Here are some of my sort of rules for founder's, mainly for early-stage marketing teams.  

 1. You need to be obsessed with your buyer. So that means learning everything you possibly can about them, knowing what matters to them. The biggest thing is actually to stop making assumptions. At times when you are a founder, you're solving a problem that you had. You assume that you know everything there is to know about your buyer, and it turns out you don't.   Your buyers can be very different from you, and your ideal buyers are going to change as you grow. So make sure that you make research part of everything you do. Make sure you're not only talking to your buyers but also talking to the people who wind up not buying from you as well. It is the key, and I like to refer to this as relationship building at scale.
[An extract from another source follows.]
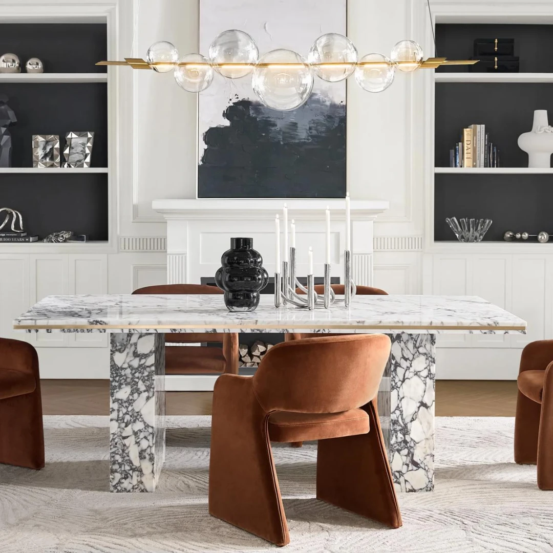 Spec: Marble/glass dining table + 6 velvet dining chairs + pendant lighting

So genuinely make build relationships with your ideal customers.  

2. You need to care about marketing often. You might if you're a founder. You might be a technical founder, and you might care a lot more about the product. You just don't think about marketing and sales. You hire someone else to do it. But culture is a top-down thing, and if you don't show your team from the beginning that you give a damn about marketing. That you're doing the work to learn what's going on and What you need, you are going to fall short through a whole thing. So you want to cultivate that marketing talent. If you have a marketing team of one hire a coach, they need help they need. They need assistance to hire a marketing coach that can support them.  

3. Don't compete for dominance when it comes to content. Don't do the same thing that everybody else is doing like fingers crossed that you're going to rise above it. Instead, find a niche of content that no one is covering. So look at what all of your competitors are doing, see what you both have in common. Then find the angle or the approach to content that no one else is covering. Dominate that, it's the thing that will set you apart, and it'll make your content journey a whole lot easier and a whole lot more successful. Find your niche and own it. 
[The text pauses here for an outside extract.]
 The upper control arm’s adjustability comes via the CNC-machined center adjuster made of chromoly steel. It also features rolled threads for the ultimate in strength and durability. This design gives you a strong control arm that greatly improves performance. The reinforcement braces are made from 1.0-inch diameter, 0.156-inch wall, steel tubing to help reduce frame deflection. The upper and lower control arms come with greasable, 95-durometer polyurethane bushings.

 4. When it comes to marketing, especially early, you need to think 10x, not 10%. It can be hard for you perfectionists out there, so stop freaking out about every little typo. People don't care about it. Think about the big picture. Think about the things that are going to move the needle. Do big projects that have real potential. Don't worry about the small stuff because it's not going to get you to where you need to go. Focus on big things that have the potential to make a difference to your ledger that is your pipeline.   

5. Find your gang on the playground. What I mean is to find your strategic partners. Look at your industry and find the companies that are maybe solving a complementary problem to the one you are addressing. Perhaps you both can work together to kind of offer something that solves an even bigger problem together. Pull your resources if there is another startup that is going to team up with you so that you can maximize your assets and your reach. Invest in building Co-marketing and strategic partnership relationships. 
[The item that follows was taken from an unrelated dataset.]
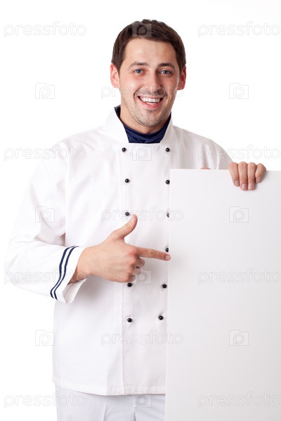 Шеф-повар с меню, изолирован на белом фоне, шаблон

 6. Invest in your brand: With your brand, you can build a corporate brand far faster. Your brand can have a far greater reach than your company brand in the early days. People want to buy from people that they trust. If they see a founder who's the content they love, admire, and trust, they are a lot more likely to buy your product. Look at companies like DRIFT and GONG, and they have leadership teams that have been out there. They have built these powerful personal brands, and as a result, their growth has just been an absolute rocket ship.